Location: Dundee, Scotland, UK

Join Date: Jul 2009
Posts: 1,541
Question Uploading PacBio raw data to ENA SRA

Surprisingly I was not able to find anything on Google about the details of uploading raw PacBio sequence reads to the European Nucleotide Archive (ENA), the EBI-EMBL twin of the Short Read Archive (SRA).

http://www.ebi.ac.uk/ena/submit/read...bio_hd5_format just says:

Quote:
PacBio format

PacBio data submissions are supported in the platform specific native format.

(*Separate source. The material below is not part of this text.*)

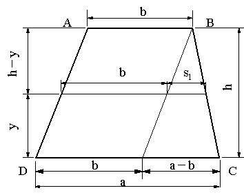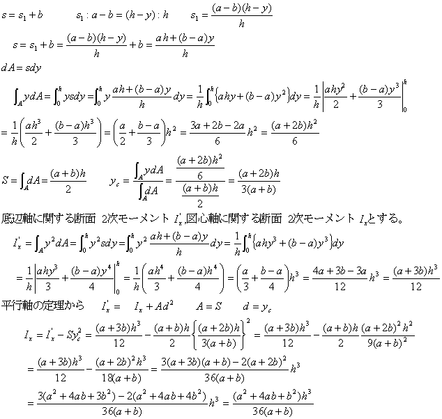 台形断面を持つはり図1の図心の位置と断面二次モーメントを求めよ。

One run consists of *.bax.h5, *.bas.h5 and xml files. Please note that these files must not be tarred.
In our case I have a zip file with dozens of files under assorted folders. Thankfully https://github.com/PacificBioscience...rvice-provider explains this. Based on their example, I've marked the files I think I need to upload (update - not correct, see later):

Code:
/path/to/secondary/storage/2420294/0011
├── Analysis_Results
│   ├── m140415_143853_42175_c100635972550000001823121909121417_s1_p0.1.bax.h5 --> ENA
│   ├── m140415_143853_42175_c100635972550000001823121909121417_s1_p0.1.log
│   ├── m140415_143853_42175_c100635972550000001823121909121417_s1_p0.1.subreads.fasta
│   ├── m140415_143853_42175_c100635972550000001823121909121417_s1_p0.1.subreads.fastq
│   ├── m140415_143853_42175_c100635972550000001823121909121417_s1_p0.2.bax.h5 --> ENA
│   ├── m140415_143853_42175_c100635972550000001823121909121417_s1_p0.2.log
│   ├── m140415_143853_42175_c100635972550000001823121909121417_s1_p0.2.subreads.fasta
│   ├── m140415_143853_42175_c100635972550000001823121909121417_s1_p0.2.subreads.fastq
│   ├── m140415_143853_42175_c100635972550000001823121909121417_s1_p0.3.bax.h5 --> ENA
│   ├── m140415_143853_42175_c100635972550000001823121909121417_s1_p0.3.log
│   ├── m140415_143853_42175_c100635972550000001823121909121417_s1_p0.3.subreads.fasta
│   ├── m140415_143853_42175_c100635972550000001823121909121417_s1_p0.3.subreads.fastq
│   ├── m140415_143853_42175_c100635972550000001823121909121417_s1_p0.bas.h5 --> ENA
│   ├── m140415_143853_42175_c100635972550000001823121909121417_s1_p0.sts.csv
│   └── m140415_143853_42175_c100635972550000001823121909121417_s1_p0.sts.xml --> ENA
├── m140415_143853_42175_c100635972550000001823121909121417_s1_p0.1.xfer.xml
├── m140415_143853_42175_c100635972550000001823121909121417_s1_p0.2.xfer.xml
├── m140415_143853_42175_c100635972550000001823121909121417_s1_p0.3.xfer.xml
├── m140415_143853_42175_c100635972550000001823121909121417_s1_p0.mcd.h5
└── m140415_143853_42175_c100635972550000001823121909121417_s1_p0.metadata.xml
However, when clicking though the ENA Webin forms, and you finally get to the spreadsheet-like view to upload the files, and pick PacBio:

Quote:
PacBio HDF5

One PacBio HDF5 file is submitted for each run.
It really only seems to want a single file... which puzzled me. However, the tool tip says:

Quote:
Please choose one of the following manifest files present in your drop box. A manifest file ( *.all ) contains all files ( *bas.h5, *.bax.h5 and *.xml ) and their MD5 checksums associated with a single PacBio run. The format of the manifest file must correspond to the output of the md5sum command.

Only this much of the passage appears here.